Mark Zuckerberg gives a "my bad," lays off 11,000 employees across Meta

The Facebook founder blames the layoffs on his own missteps in investments at the start of the pandemic

Mark Zuckerberg gives a
Mark Zuckerberg Photo: KENZO TRIBOUILLARD/AFP

Twitter isn’t the only social media giant to be severing huge amounts of its workforce. In an email sent to employees across Meta (i.e. Facebook and Instagram), CEO Mark Zuckerberg announced the company will be laying off 13 percent of its global workforce, or 11,000 employees. The Facebook founder says he takes full responsibility for the recent downturn of the company, as recent investments have not paid off for the tech mogul.

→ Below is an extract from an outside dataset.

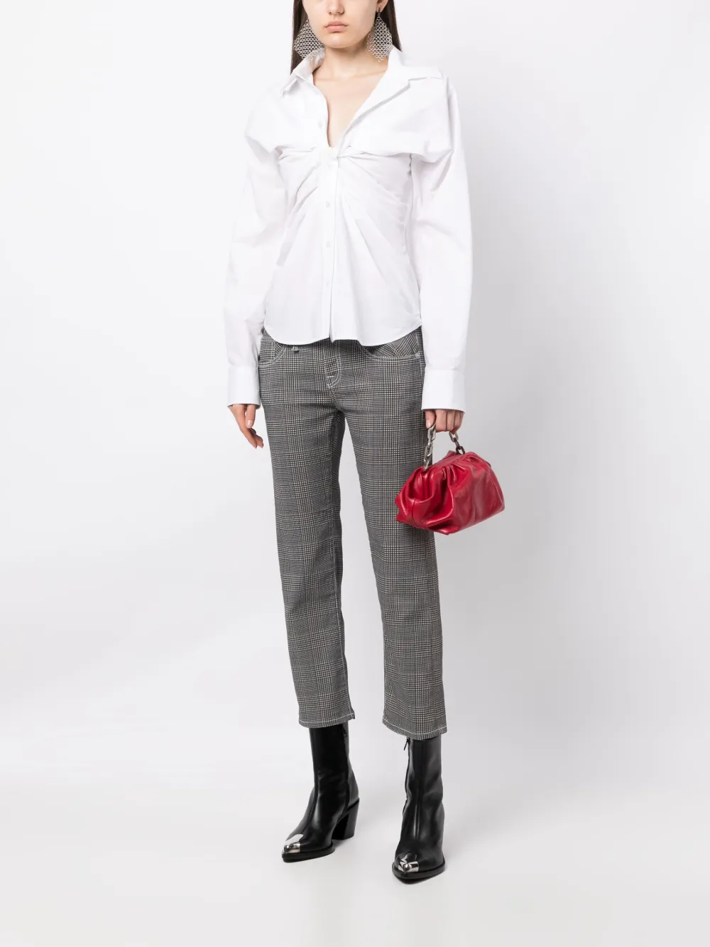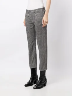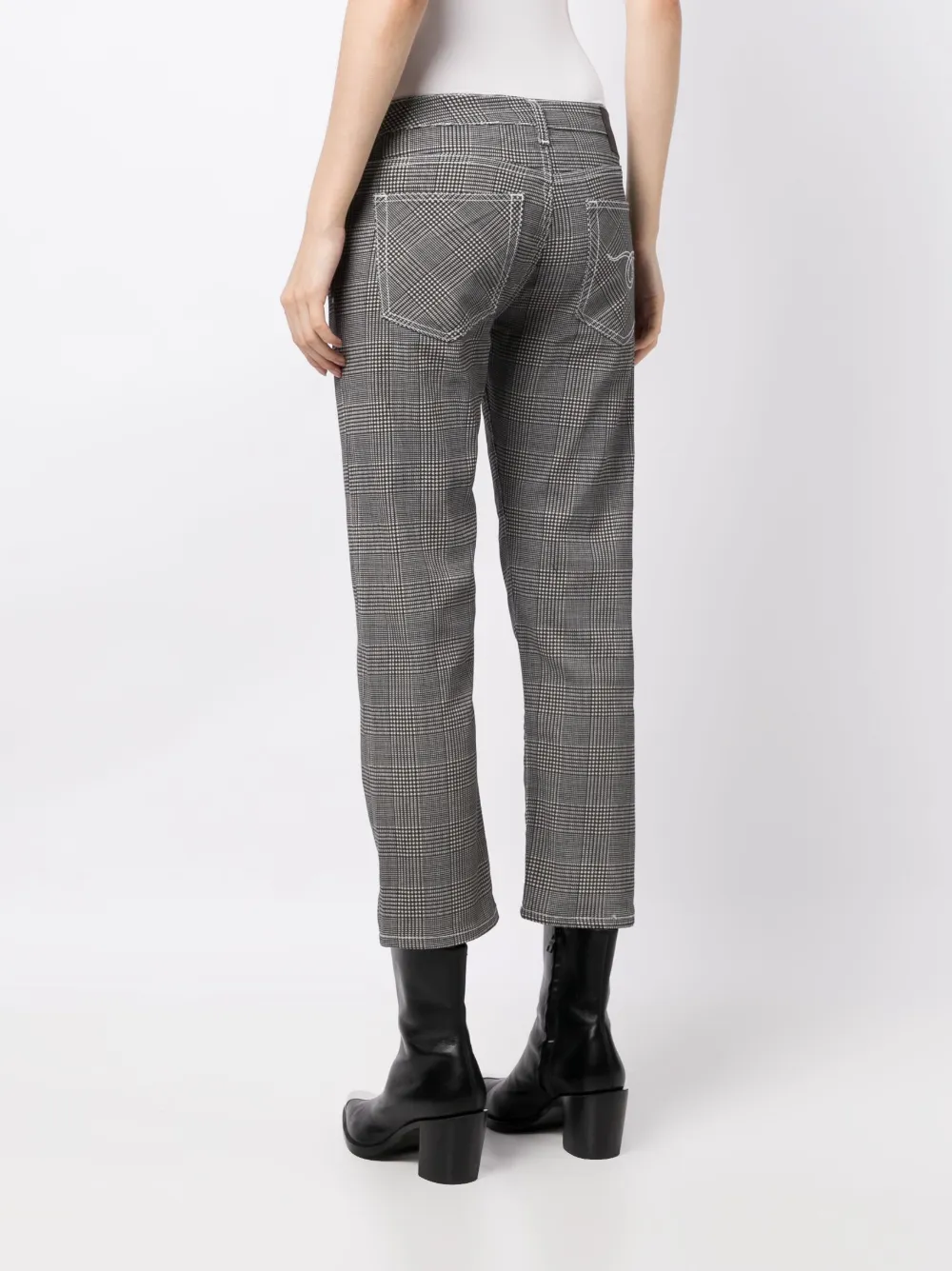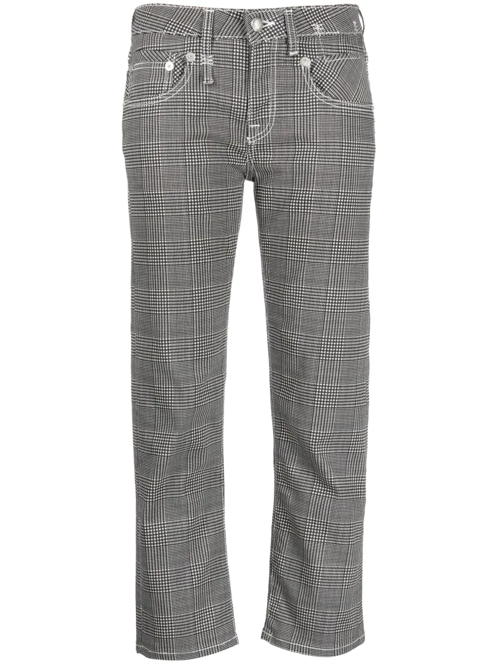 check-print low-waist cropped jeans

“Today I’m sharing some of the most difficult changes we’ve made in Meta’s history,” Zuckerberg writes in the email, per The Hollywood Reporter. “I’ve decided to reduce the size of our team by about 13% and let more than 11,000 of our talented employees go. We are also taking a number of additional steps to become a leaner and more efficient company by cutting discretionary spending and extending our hiring freeze through Q1.”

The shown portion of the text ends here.